Ожидаю ли я еще выхода твоей книги, в надежде на тебя, или я уже не боюсь, читая, заблудиться в этой местности, обдающей ледяным холодом, среди калек и дураков, неполноценных созданий, которые лишь благодаря своим заблуждениям сроднились с людьми, некогда вставшими на твоем пути, — пути нашего человека, к которому ты примеряешь имя Джон?
Ах, Бен, что с нами происходит? Во рту у меня вкус пыли. Вереск осыпался, и твой плащ больше не греет. Остались неизмененными твой голос, твое лицо, твои жесты, твоя улыбка, резко очерченные губы, твоя рука и то, как ты кладешь мне ее на шею… ты такой, каким ты был, я это вижу, в то же время ты неудержимо становишься иным. Что это, изменившийся угол зрения, возвращение в прошлое, перемена света, ставящие под сомнение казавшиеся ранее достоверными образы людей и арену их действий, искажающие контуры предметов, делающие более светлыми и насыщенными краски? Ночью на аспидной доске неба я немедленно пишу: люблю тебя, а утром над стертыми буквами читаю вопрос: кого?
Прошла неделя, прежде чем он появился; впервые он ждал ее за городом у кладбищенской решетки, в кармане пиджака лежал его предлог для встречи — отпечатанный в типографии цветок, — подготовленные выражение лица и голос для шутки по поводу его визита к чертовой бабушке, и слишком поздно заметил, что Франциска не одна.
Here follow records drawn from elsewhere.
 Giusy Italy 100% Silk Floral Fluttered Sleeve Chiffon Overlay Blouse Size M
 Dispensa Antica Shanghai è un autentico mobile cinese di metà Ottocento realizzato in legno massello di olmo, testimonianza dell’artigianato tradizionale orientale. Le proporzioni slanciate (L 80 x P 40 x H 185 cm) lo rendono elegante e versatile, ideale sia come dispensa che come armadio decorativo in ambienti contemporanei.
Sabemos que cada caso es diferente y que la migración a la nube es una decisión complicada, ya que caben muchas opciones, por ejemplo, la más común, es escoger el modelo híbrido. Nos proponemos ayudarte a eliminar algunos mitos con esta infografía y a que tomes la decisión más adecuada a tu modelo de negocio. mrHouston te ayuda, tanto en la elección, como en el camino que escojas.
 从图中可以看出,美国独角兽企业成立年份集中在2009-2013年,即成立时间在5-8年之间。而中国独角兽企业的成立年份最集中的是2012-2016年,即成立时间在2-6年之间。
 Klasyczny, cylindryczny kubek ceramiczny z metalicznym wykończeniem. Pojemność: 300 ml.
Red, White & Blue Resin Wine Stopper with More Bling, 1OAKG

То, что она покраснела, ее скованная речь вызвали в нем беспокойство; прошла неделя: потеря времени для него, выигрыш во времени для другого — может быть, он уже помеха? Он поздоровался с Шафхойтлином, тот в ответ кивнул, также молча, но не был озадачен, как Франциска, только на одно мгновение окинул его пристальным взглядом человека, пытающегося вызвать в памяти какую-то ускользающую, но важную деталь из того, что привиделось ему во сне. Водитель самосвала и мнимый школьный товарищ этой Линкерханд (но его возраст, седые волосы изобличают ее во лжи), вечер в баре, когда ему показалось, что он узнал этот лоб, эти калмыцкие глаза, как на разорванной фотографии.
— Вы знакомы? — пробормотала Франциска и назвала имя: Троянович. Шафхойтлин сказал «нет», без обязывающих пустых фраз, не задавая вопросов о возможных родственных отношениях с двумя известными братьями или об одном известном молодом человеке, члене Союза свободной немецкой молодежи, одном из дюжины журналистов, которые в свое время под крупными заголовками публиковали материалы, всячески расхваливающие новатора Шафхойтлина и разукрашенные серебряной канителью пышных фраз.
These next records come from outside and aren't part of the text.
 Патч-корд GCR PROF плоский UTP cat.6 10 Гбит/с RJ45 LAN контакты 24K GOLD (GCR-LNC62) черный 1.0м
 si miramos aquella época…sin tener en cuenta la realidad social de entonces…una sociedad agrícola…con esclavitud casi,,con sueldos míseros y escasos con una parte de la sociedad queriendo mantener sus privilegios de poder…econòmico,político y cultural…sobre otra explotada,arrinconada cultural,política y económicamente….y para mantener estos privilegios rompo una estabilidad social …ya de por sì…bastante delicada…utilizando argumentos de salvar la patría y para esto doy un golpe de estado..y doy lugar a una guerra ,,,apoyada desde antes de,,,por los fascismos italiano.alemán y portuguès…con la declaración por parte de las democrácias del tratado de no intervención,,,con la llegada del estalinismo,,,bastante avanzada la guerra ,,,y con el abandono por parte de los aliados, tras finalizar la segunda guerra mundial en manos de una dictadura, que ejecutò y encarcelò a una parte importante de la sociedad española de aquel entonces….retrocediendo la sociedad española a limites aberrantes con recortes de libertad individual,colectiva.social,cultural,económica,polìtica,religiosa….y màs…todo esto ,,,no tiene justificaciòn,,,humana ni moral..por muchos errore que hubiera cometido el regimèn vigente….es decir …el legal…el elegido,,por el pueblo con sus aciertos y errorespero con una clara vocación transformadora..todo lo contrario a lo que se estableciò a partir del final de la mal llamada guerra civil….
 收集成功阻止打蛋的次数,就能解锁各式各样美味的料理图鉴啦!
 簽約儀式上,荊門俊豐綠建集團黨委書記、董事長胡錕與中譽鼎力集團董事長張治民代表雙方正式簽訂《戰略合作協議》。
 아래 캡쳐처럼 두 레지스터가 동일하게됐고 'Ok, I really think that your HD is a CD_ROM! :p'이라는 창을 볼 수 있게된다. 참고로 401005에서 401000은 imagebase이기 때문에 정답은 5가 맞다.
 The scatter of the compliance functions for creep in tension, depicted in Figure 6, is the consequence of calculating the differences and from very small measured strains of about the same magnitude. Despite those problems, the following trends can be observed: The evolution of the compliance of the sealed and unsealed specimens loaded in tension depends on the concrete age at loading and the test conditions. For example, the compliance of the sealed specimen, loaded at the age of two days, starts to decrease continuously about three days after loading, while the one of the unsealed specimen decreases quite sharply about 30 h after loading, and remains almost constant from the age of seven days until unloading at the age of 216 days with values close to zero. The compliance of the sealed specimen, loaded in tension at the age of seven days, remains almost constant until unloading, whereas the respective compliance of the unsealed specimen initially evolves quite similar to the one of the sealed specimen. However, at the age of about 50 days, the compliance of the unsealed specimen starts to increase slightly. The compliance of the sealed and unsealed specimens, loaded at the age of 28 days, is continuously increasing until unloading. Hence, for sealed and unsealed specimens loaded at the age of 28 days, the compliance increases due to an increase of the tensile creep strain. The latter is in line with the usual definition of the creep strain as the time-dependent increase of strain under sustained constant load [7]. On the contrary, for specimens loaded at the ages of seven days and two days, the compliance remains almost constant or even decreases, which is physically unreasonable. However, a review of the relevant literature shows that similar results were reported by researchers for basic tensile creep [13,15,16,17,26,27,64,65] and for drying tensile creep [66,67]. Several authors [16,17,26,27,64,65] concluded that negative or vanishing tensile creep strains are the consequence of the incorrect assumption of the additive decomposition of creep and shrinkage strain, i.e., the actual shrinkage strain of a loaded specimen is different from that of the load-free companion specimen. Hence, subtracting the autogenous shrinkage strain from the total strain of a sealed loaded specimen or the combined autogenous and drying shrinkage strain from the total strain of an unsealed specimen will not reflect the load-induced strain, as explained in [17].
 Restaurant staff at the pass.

Мой автобус. До завтра, фрау Линкерханд. Она долго смотрела ему вслед, слишком долго, решил Троянович.
— Ты выглядишь больной, — сказал он.
— Странно, у него походка моряка, — сказала Франциска. Свои опухшие веки она спрятала под защитными очками. — Да, мне действительно чертовски плохо.
У него сжалось сердце. Она страдает, но она выстоит (Шафхойтлин?). Слишком поздно, подумал он, чтобы наверстать упущенное за месяцы и сказать наконец без всяких колебаний: я люблю тебя, — и тем не менее добавил про себя: насколько я в этом разбираюсь.
— Я чувствую себя больной, — сказала она. — Этот город… или люди в этом проклятом городе…
Он снова вздохнул, он снова засомневался. Упущено? Любовь — слово, которое, к счастью, не было произнесено: он себя не выдал. Значит, город… Ничего по поводу его отсутствия, ничего о себе самой, ее чувствах (ждала она его, беспокоилась о нем, хотя бы в один из семи вечеров?), излишни его опасения потерять ее. Но вместо облегчения им овладело чувство обиды: я не могу потерять то, сказал он себе, чем никогда не владел.
— Этой ночью изнасиловали девушку, — сказала Франциска.
— Я уже слышал, — отвечал он, пораженный ее бледностью и волнением, которые показались ему несоразмерными этому известию (незнакомая девушка; происшествие, сегодня всех взбудоражившее, а завтра уже позабытое).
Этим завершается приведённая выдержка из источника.